Abstract

Stress exposure contributes to the onset, maintenance, and recurrence of major depressive disorder (MDD) in adolescents. However, the precise stress facets (e.g. chronicity, domain) most strongly linked to outcomes at different stages along the depression severity continuum remain unclear. Across two studies, chronic and episodic stressors were comprehensively assessed among: (a) healthy youth with (High-Risk [HR]) and without (Low-Risk [LR]) a maternal history of MDD and (b) adolescents with current MDD and suicide ideation and healthy controls (HC). Study 1 included LR (n = 65) and HR (n = 22) 12- to 14-year-olds (49 females; 56.32%) with no lifetime history of mental disorders. Study 2 enrolled 87 mid-to-late adolescents (64 females; 73.56%), including 57 MDD youth from a short-term intensive treatment service and 30 HCs from the community. All depressed youth reported recent suicide ideation; some had no lifetime history suicide attempts (SI; n = 31) and others reported at least one past year attempt (SA; n = 26). The Life Events and Difficulties Schedule was used to capture stressor severity in both studies. We used multiple linear regression models that adjusted for demographic and clinical covariates. Being in the HR versus LR group was associated with more severe chronic (β = .22, CI95 = 0.01-0.42, p = .041), independent (β = .34, CI95 = 0.12-0.56, p = .003), and interpersonal (β = .23, CI95 = 0.004-0.45, p = .047) stress severity. By contrast, the MDD group reported significantly more severe chronic (β = .62, CI95 = 0.45-0.79, p < .001) and dependent (β = .41, CI95 = 0.21-0.61, p < .001) stress than the HC group, but not independent (p = .083) stress.
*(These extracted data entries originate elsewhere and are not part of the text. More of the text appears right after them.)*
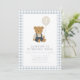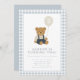 Celebre o grande dia do seu filho com este charmoso convite de aniversário do ursinho de pelúcia azul-claro. Apresentando um doce ursinho marrom segurando um balão e vestido em macacões, este adorável design é perfeito para uma rua, segundo ou celebração de aniversário infantil. O padrão de gingham azul claro adiciona um toque suave e clássico, fazer ideal para chás de fraldas ou festas de aniversário com tema de urso. Personalize com o nome do seu filho e os detalhes da festa. Este aconchegante e eterno urso de pelúcia convida fatos para qualquer tema de creche de gingham ou de festas de animais macios. Um nome perfeito e um convite para todos em um!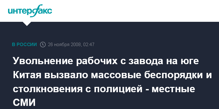 Увольнение рабочих с завода на юге Китая вызвало массовые беспорядки и столкновения с полицией - местные СМИ
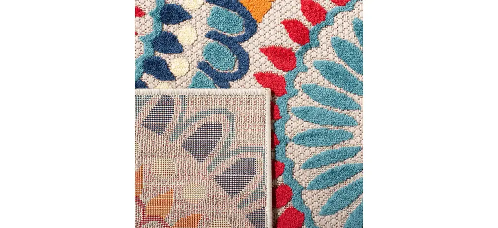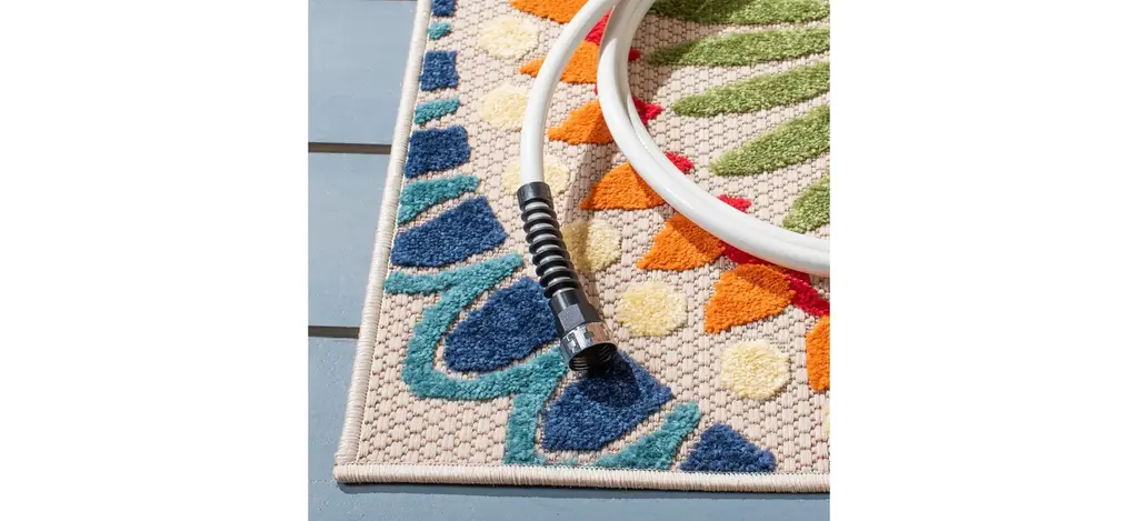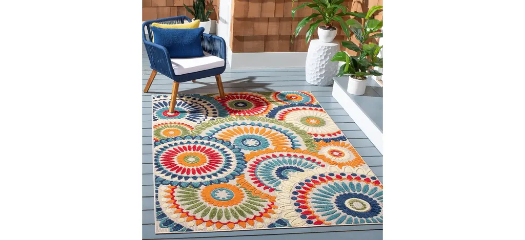 The Cabana II Area Rug offers an elaborate floor covering for any busy area of the home, inside or out. The playful motif brims with "staycation" vibes on any deck, porch, or patio. It is made using durable synthetic yarns for resistance to weather, wear, mold, mildew, and fading from the sun.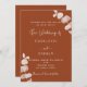 Dark burnt orange background, decorated with eucalyptus stems, sprigs. Personalise and and add your names and the details.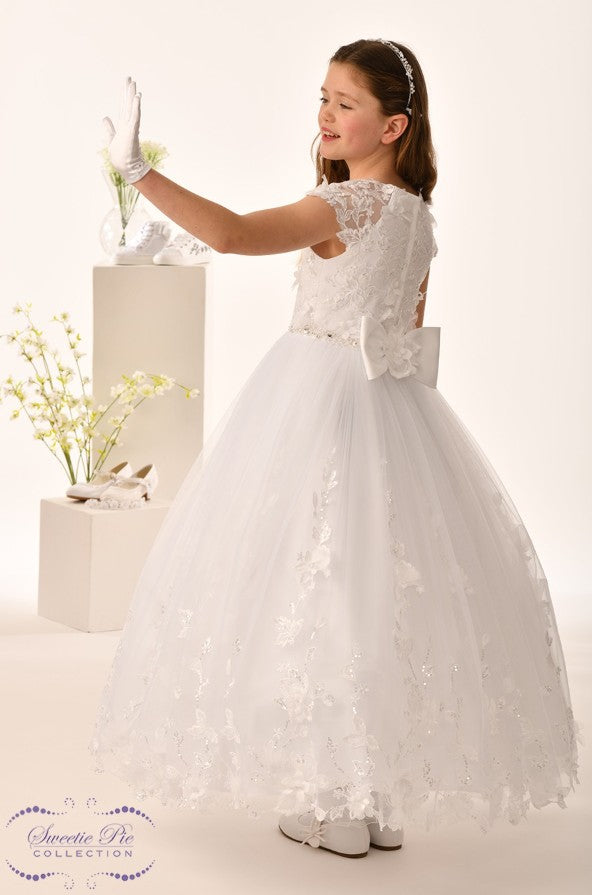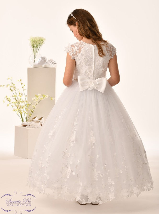 Make her First Holy Communion unforgettable with the Sweetie Pie SW5032 dress, a beautiful blend of timeless elegance and delicate charm. With soft floral appliqué and a full princess-style skirt, this girl's Communion dress is designed to make her feel like the centre of attention from the church aisle to the celebration.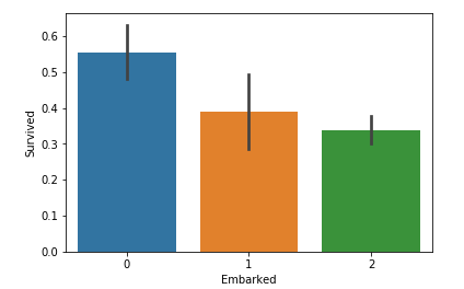 <div>sns.barplot(x='Embarked', y='Survived', data=d_train)</div>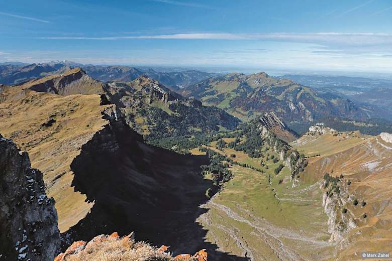 Gen Westen streicht die Iferfluh aus. Die Fernschau reicht bis zum Säntis.Foto: Mark Zahel, Bergverlag Rother GmbH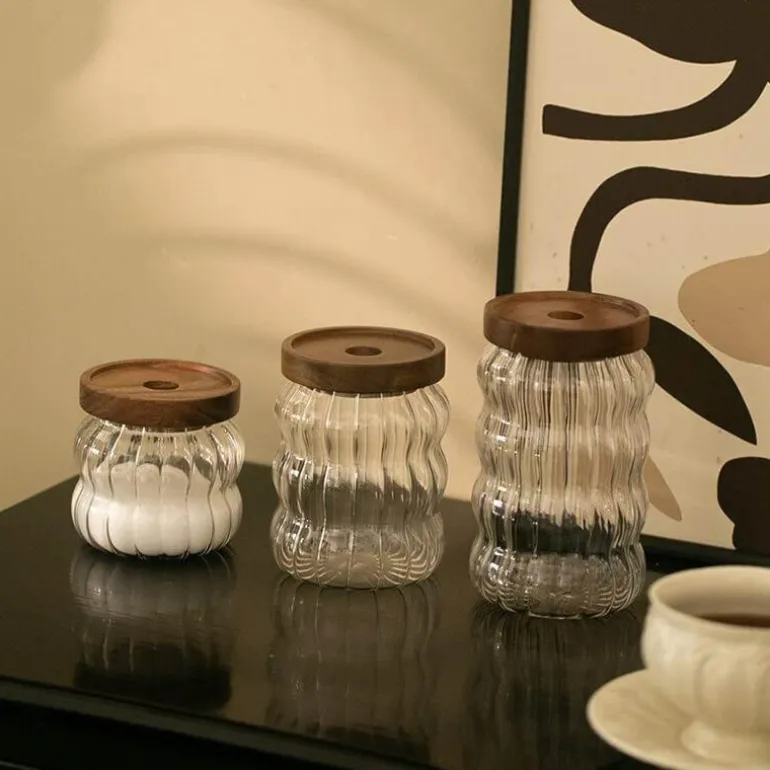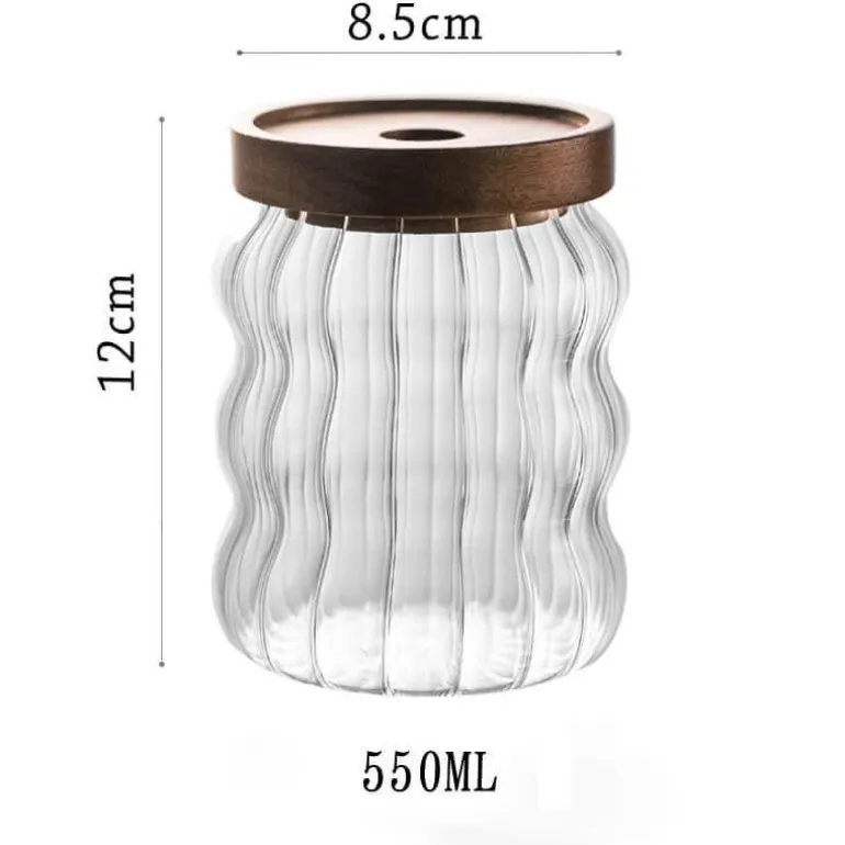Das gewellt-gestreifte Glas-Vorratsglas vereint Stil und Funktionalität und ist eine hervorragende Ergänzung für Ihre Küche. Der dekorative Behälter besticht durch sein einzigartiges gewelltes Streifendesign aus transparentem Glas, sodass Sie den Inhalt gut erkennen können. Es eignet sich perfekt zum Ordnen verschiedener Trockenwaren und verleiht Ihrer Kücheneinrichtung gleichzeitig einen Hauch von Eleganz. Der dicht schließende Deckel sorgt dafür, dass Ihre Lebensmittel frisch bleiben und ist somit eine zuverlässige Wahl für den täglichen Gebrauch. Hergestellt aus hochwertigem Glas, schafft dieses leichte und dennoch robuste Glas die perfekte Balance zwischen Ästhetik und Funktionalität und bereichert Ihr Zuhause mit Schönheit und Nutzen.

Stress severity did not differ between recent attempters versus youth who reported suicide ideation alone (SA vs. SI contrast). However, the SA group reported a higher rate of targeted rejection events (RR = 3.53, CI95 = 1.17-10.70, p = .026). Our findings clarify the stressor features that may most strongly contribute to adolescent depression and its clinical correlates at two important points along depression's clinical course.